*** Opening Exercise materials ***
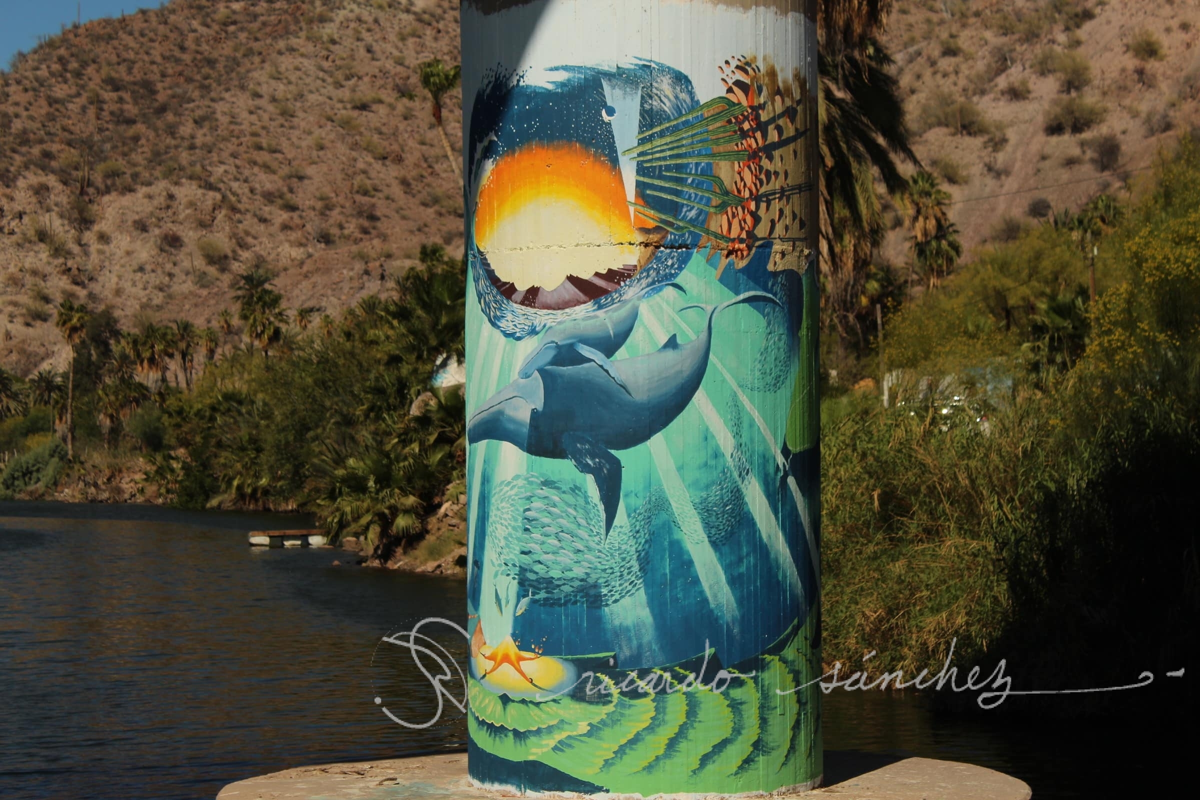 A morning scene of the Mulegé river from the water tower of the old abandoned hotel in the neighborhood of Loma Azul. The vultures bathing in the morning sun. This is a place that quickly returns to the earth where it came from.
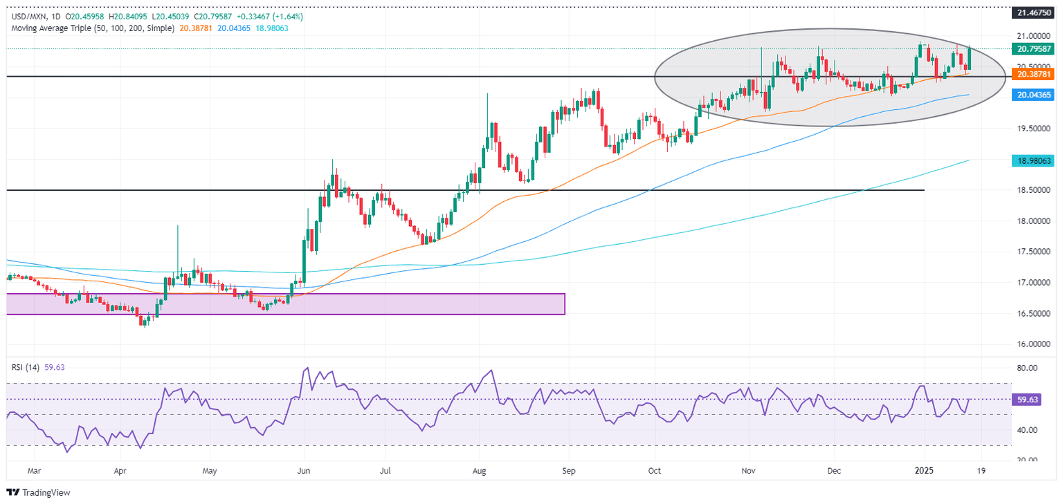 USD/MXN technical outlook: Mexican Peso plummets as USD/MXN climbs above 20.80
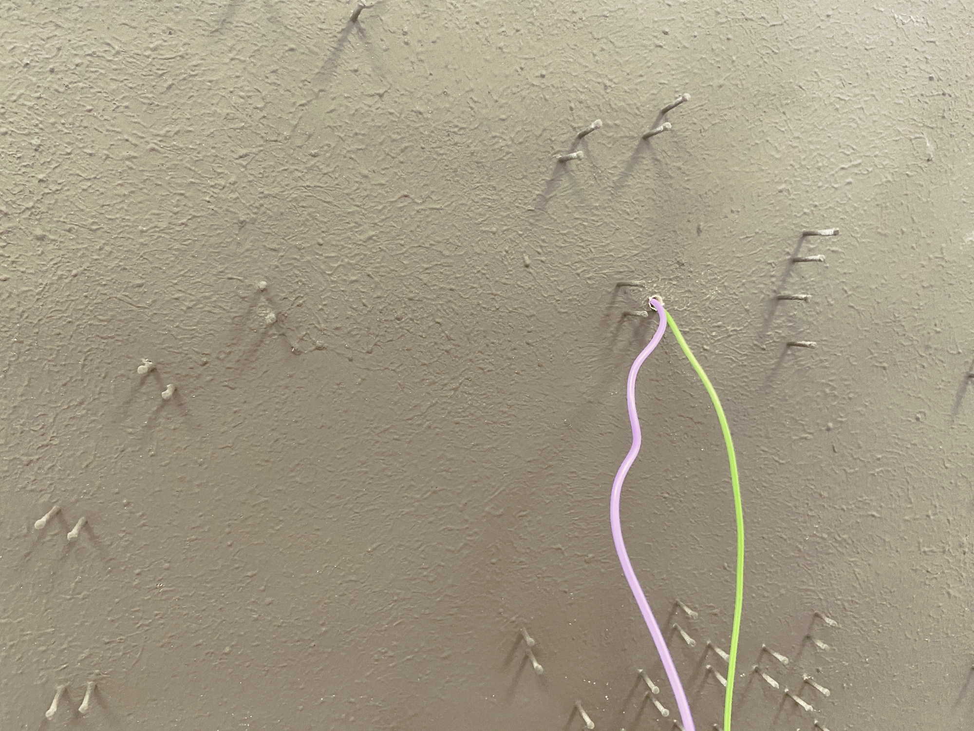 Установите все неоновые отрезки и надёжно зажмите их между гвоздей. Вытаскивать неон больше не потребуется.
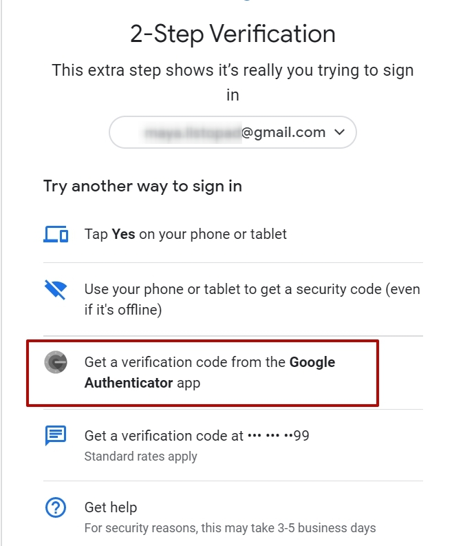 Step 3: Choose Google Authenticator app second-factor authentication method
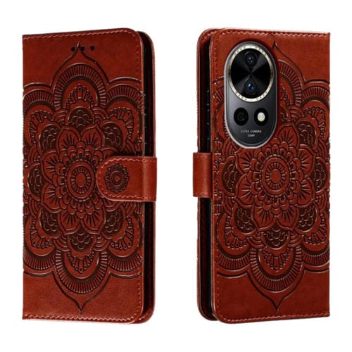 Funda de Cuero Huawei Nova 12 Pro con Patrón en Relieve Sun Mandala (Marrón)
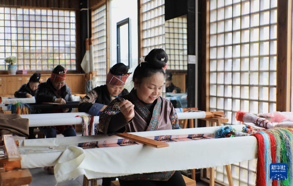 12月15日,绣娘在贵州省黔东南苗族侗族自治州施秉县一家苗绣企业生产车间赶制苗绣产品。新华社发(邰胜智摄)
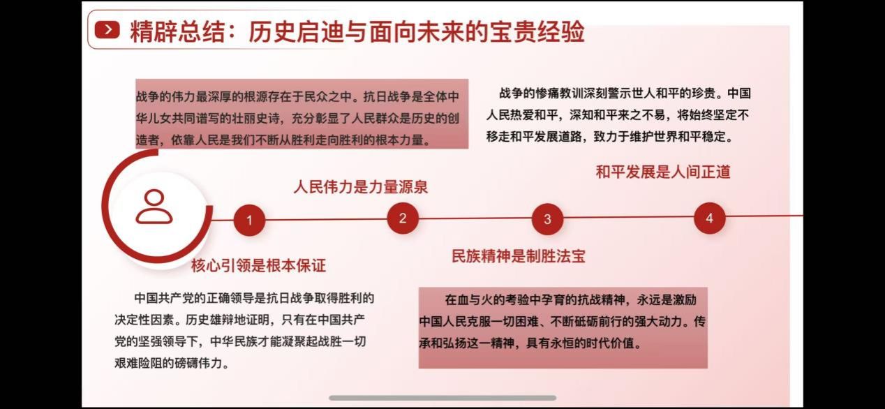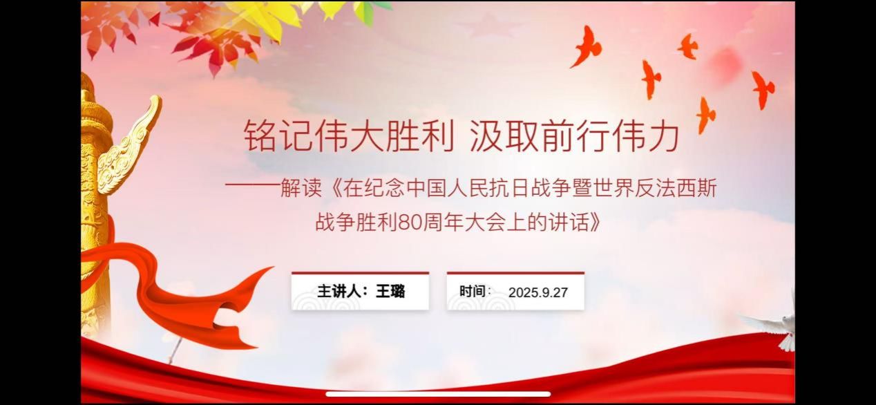 接着,国产色情 博士生王璐同学以《铭记伟大胜利 汲取前行伟力》为题,从深刻昭示东方主战场与世界正义的胜利丰碑;深情礼赞民族脊梁与不朽精神的光辉史诗;精辟总结历史启迪与面向未来的宝贵经验;时代召唤铭记历史、共创未来的庄严宣言,四个板块对讲话内容进行了深入浅出地解读。她认为《习近平在纪念中国人民抗日战争暨世界反法西斯战争胜利80周年大会上的讲话》深刻阐释了抗战胜利的伟大意义,深情礼赞了中华民族的英勇抗争,精辟总结了历史经验,并向世界发出了维护和平、共创未来的时代强音。
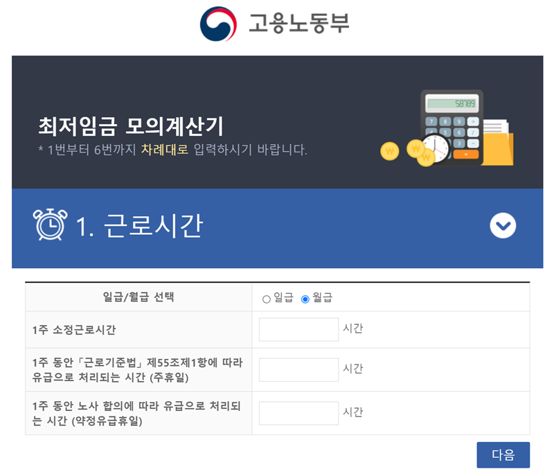[고용노동부 최저임금계산 - https://www.moel.go.kr/최저임금]
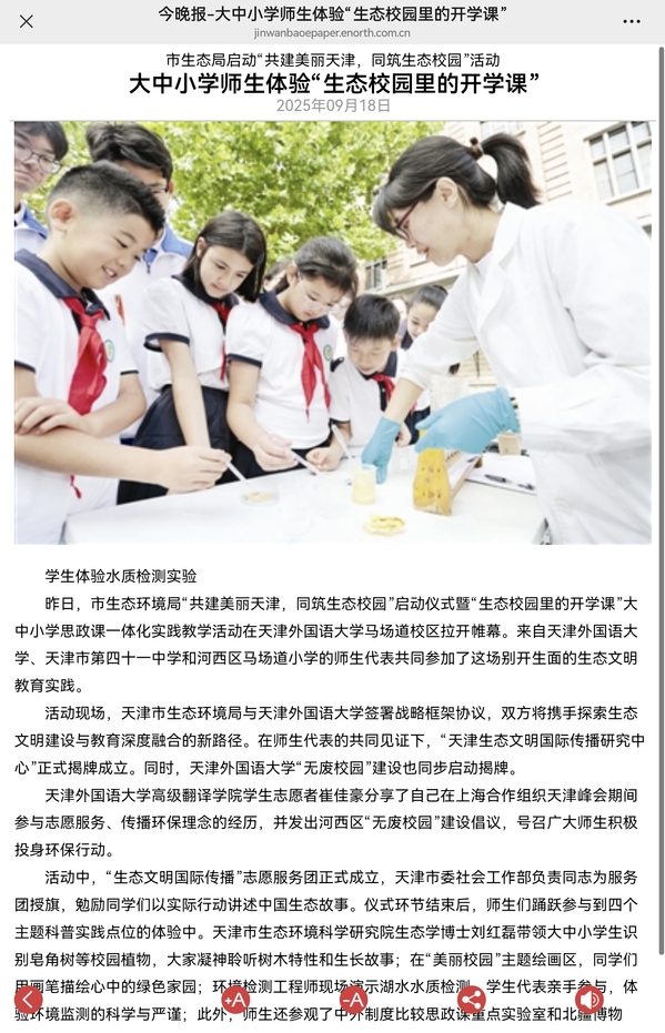 【媒体天外】《今晚报》报道市生态环境局“共建美丽天津,同筑生态校园”启动仪式暨“生态校园里的开学课”大中小学思政课一体化实践教学活动在乐鱼·体育马场道校区拉开帷幕。全文转载如下:学生体验水质检测实验昨日,市生态环境局“共建美丽天津,同筑生态校园"启动仪式暨“生态校园里的开学课”大中小学思政课一体化实践教学活动在乐鱼·体育马场道校区拉开帷幕。来自乐鱼·体育、天津市第四十一中学和河西区马场道小学的师生代表共同参加了这场别开生面的生态文明教育实践。活动现场,天津市生态环境局与乐鱼·体育签署战略框架协议,双方将携手探索生态文明建设与教育深度融合的新路径。在师生代表的共同见证下,“天津生
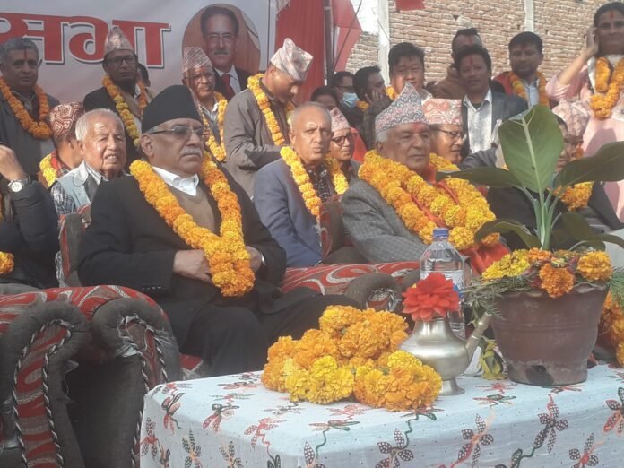 २८ कार्तिक, डुम्रे । नेकपा (माओवादी केन्द्र) का अध्यक्ष पुष्पकमल दाहाल ‘प्रचण्ड’ ले नेपाली कांग्रेसका वरिष्ठ नेता रामचन्द्र पौडेललाई अत्याधिक मतले विजयी गराउन तनहुँवासीलाई आग्रह गरेका छन् । बन्दीपुर गाउँपालिका–१ डुम्रेमा सोमवार आयोजित सत्तागठबन्धनको कोणसभालाई सम्बोधन गर्दै अध्यक्ष दाहालले पौडेललाई धेरै मत दिएर जिताए मुलुकको कार्यकारी पदमा पु¥याउने वताए । ‘रामचन्द्रजीलाई धेरै मत दिएर जिताउनुस्, कार्यकारी पदमा पु¥याउने जिम्मा हामी लिन्छौं’, दाहालले भने । उनले गठवन्धनका खम्बा वरिष्ठ नेता पौडेललाई जिताएर पठाए प्रधानमन्त्री बनाउने संकेत थियो । उनले आर्थिक समृद्धिको नयाँ यात्रा सुरु गर्ने लक्ष्यमा वर्तमान गठबन्धन रहेको स्पष्ट पारे । अध्यक्ष दाहालले नेपाललाई नयाँ युगमा लैजाने सङ्कल्पसहित गठबन्धन निर्माण भएको वताए ।
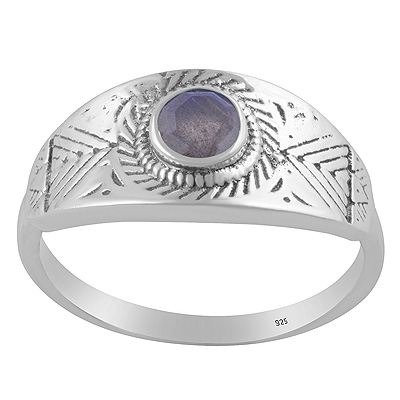 Gorgeous Texture Patterns Around Labradorite Round Shape 925 Sterling Solid Silver Ring
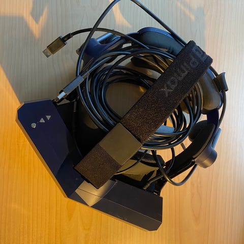 Pimax VR-headset i sort med tilhørende håndcontrollere. Headsettet har justerbare stropper og kabelføring til tilslutning af pc. Leveres med original æske fra Pimax. Velegnet til virtual reality-brug, fx spil og simuleringer.
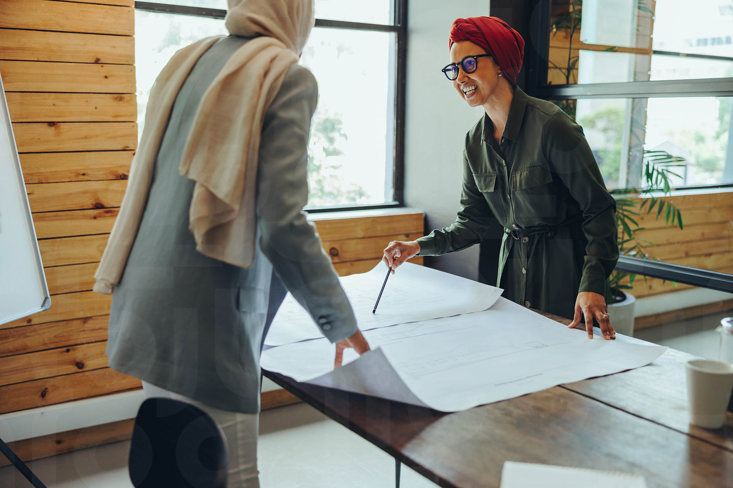 Two Muslim designers having a discussion while working with blueprint drawings. Creative businesswomen planning an innovative project. Female architects wearing headscarfs in an inclusive workplace.
*** Closing Exercise materials ***
→ **What to work on**: From the first line to the last, give the data again exactly, but without pictures.

→ **Written solution**:
 A morning scene of the Mulegé river from the water tower of the old abandoned hotel in the neighborhood of Loma Azul. The vultures bathing in the morning sun. This is a place that quickly returns to the earth where it came from.
 USD/MXN technical outlook: Mexican Peso plummets as USD/MXN climbs above 20.80
 Установите все неоновые отрезки и надёжно зажмите их между гвоздей. Вытаскивать неон больше не потребуется.
 Step 3: Choose Google Authenticator app second-factor authentication method
 Funda de Cuero Huawei Nova 12 Pro con Patrón en Relieve Sun Mandala (Marrón)
 12月15日,绣娘在贵州省黔东南苗族侗族自治州施秉县一家苗绣企业生产车间赶制苗绣产品。新华社发(邰胜智摄)
 接着,国产色情 博士生王璐同学以《铭记伟大胜利 汲取前行伟力》为题,从深刻昭示东方主战场与世界正义的胜利丰碑;深情礼赞民族脊梁与不朽精神的光辉史诗;精辟总结历史启迪与面向未来的宝贵经验;时代召唤铭记历史、共创未来的庄严宣言,四个板块对讲话内容进行了深入浅出地解读。她认为《习近平在纪念中国人民抗日战争暨世界反法西斯战争胜利80周年大会上的讲话》深刻阐释了抗战胜利的伟大意义,深情礼赞了中华民族的英勇抗争,精辟总结了历史经验,并向世界发出了维护和平、共创未来的时代强音。
[고용노동부 최저임금계산 - https://www.moel.go.kr/최저임금]
 【媒体天外】《今晚报》报道市生态环境局“共建美丽天津,同筑生态校园”启动仪式暨“生态校园里的开学课”大中小学思政课一体化实践教学活动在乐鱼·体育马场道校区拉开帷幕。全文转载如下:学生体验水质检测实验昨日,市生态环境局“共建美丽天津,同筑生态校园"启动仪式暨“生态校园里的开学课”大中小学思政课一体化实践教学活动在乐鱼·体育马场道校区拉开帷幕。来自乐鱼·体育、天津市第四十一中学和河西区马场道小学的师生代表共同参加了这场别开生面的生态文明教育实践。活动现场,天津市生态环境局与乐鱼·体育签署战略框架协议,双方将携手探索生态文明建设与教育深度融合的新路径。在师生代表的共同见证下,“天津生
 २८ कार्तिक, डुम्रे । नेकपा (माओवादी केन्द्र) का अध्यक्ष पुष्पकमल दाहाल ‘प्रचण्ड’ ले नेपाली कांग्रेसका वरिष्ठ नेता रामचन्द्र पौडेललाई अत्याधिक मतले विजयी गराउन तनहुँवासीलाई आग्रह गरेका छन् । बन्दीपुर गाउँपालिका–१ डुम्रेमा सोमवार आयोजित सत्तागठबन्धनको कोणसभालाई सम्बोधन गर्दै अध्यक्ष दाहालले पौडेललाई धेरै मत दिएर जिताए मुलुकको कार्यकारी पदमा पु¥याउने वताए । ‘रामचन्द्रजीलाई धेरै मत दिएर जिताउनुस्, कार्यकारी पदमा पु¥याउने जिम्मा हामी लिन्छौं’, दाहालले भने । उनले गठवन्धनका खम्बा वरिष्ठ नेता पौडेललाई जिताएर पठाए प्रधानमन्त्री बनाउने संकेत थियो । उनले आर्थिक समृद्धिको नयाँ यात्रा सुरु गर्ने लक्ष्यमा वर्तमान गठबन्धन रहेको स्पष्ट पारे । अध्यक्ष दाहालले नेपाललाई नयाँ युगमा लैजाने सङ्कल्पसहित गठबन्धन निर्माण भएको वताए ।
 Gorgeous Texture Patterns Around Labradorite Round Shape 925 Sterling Solid Silver Ring
 Pimax VR-headset i sort med tilhørende håndcontrollere. Headsettet har justerbare stropper og kabelføring til tilslutning af pc. Leveres med original æske fra Pimax. Velegnet til virtual reality-brug, fx spil og simuleringer.
 Two Muslim designers having a discussion while working with blueprint drawings. Creative businesswomen planning an innovative project. Female architects wearing headscarfs in an inclusive workplace.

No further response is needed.